Lloyd's of London's CEO Inga Beale to step down
June 29, 2018Lloyd's of London's chief executive, Inga Beale, will step down in 2019, after having led the centuries-old global insurance market for five years.
Lloyd's said that the exact date of Beale's departure had not yet been decided and that the search for her successor was underway.
Beale's exit comes as the 332-year-old insurance market faces competition from rival centers such as Singapore and Bermuda and struggles to stem losses despite a modernization drive under the outgoing CEO's stewardship.
"The decision to leave has been a tough one and when the time comes I will miss the energy, innovative spirit and expertise that I come across every working day," Beale said in a statement announcing her exit.
Beale, the first woman to head Lloyd's, has striven hard to promote diversity in the white, male-dominated market, which is made up of more than 80 insurance syndicates.
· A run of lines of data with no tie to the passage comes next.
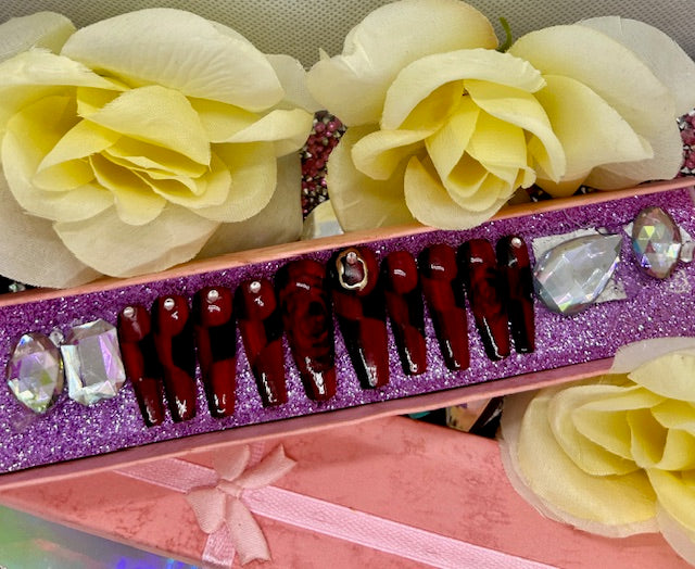 Set shown is a long length and coffin shape. 100% acrylic press on handmade! Each press on has a thin layer of acrylic plus a gel design.
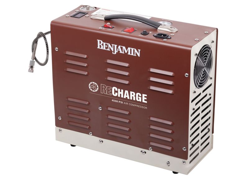 Crosman Benjamin Recharge Compressor Portable BHPAC. 8L) 110V with standard US 3 prong plug Automatic Pressure shutoff- stops at set pressure Automatic shut off after 30 minutes of continuous run time Air and water cooled Safety burst disk Fills a...  Read more
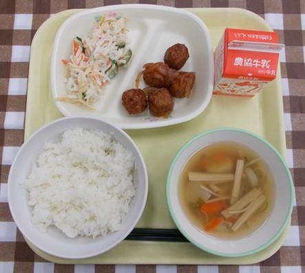 白ごはん、ミートボールのケチャップ煮、イカくんサラダ、
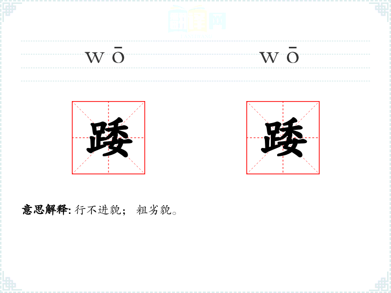 行不进貌; 粗劣貌。
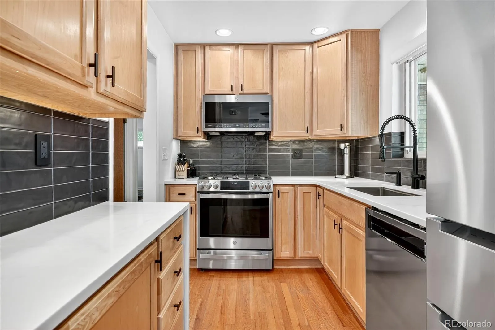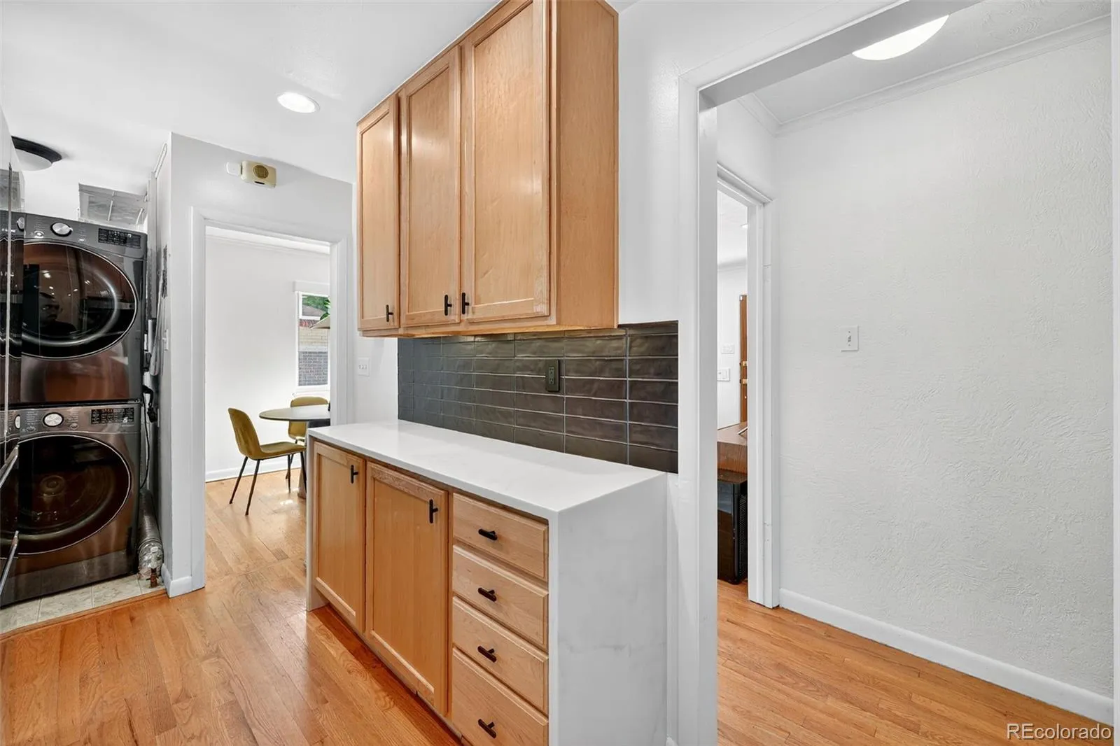 Entertain with ease in the open living and dining areas filled with natural light — the perfect space to gather, relax, and make memories. The kitchen has been completely remodeled with a modern tile backsplash, quartz countertops featuring a waterfall edge, stainless steel appliances, and updated electrical — blending beauty, functionality, and craftsmanship.

"In her five years at Lloyd's, Inga has set in motion a series of changes aimed at modernizing the market and making it more efficient and inclusive," Lloyd's chairman, Bruce Carnegie-Brown, said. "Her boldness and persistence have generated the momentum required to bring about real change."
Earlier this year, Lloyd's posted its first annual loss in six years after a string of devastating hurricanes and other natural disasters in North America and the Caribbean.
Beale's Brexit plans
Beale's departure comes as Lloyd's — which focuses on specialized insurance risks, from oil rigs to footballers' legs — prepares for life after Brexit with the opening of a Brussels unit in early 2019.
It was under Beale's leadership that Lloyd's decided last year to open a European subsidiary in Brussels after the triggering of Britain's EU Brexit departure.
"The decision to actually set up a subsidiary was not the difficult decision, because we have to do that," Beale said in an interview. "We would no longer be able to provide insurance for our customers in the EU. Only the location was a difficult decision."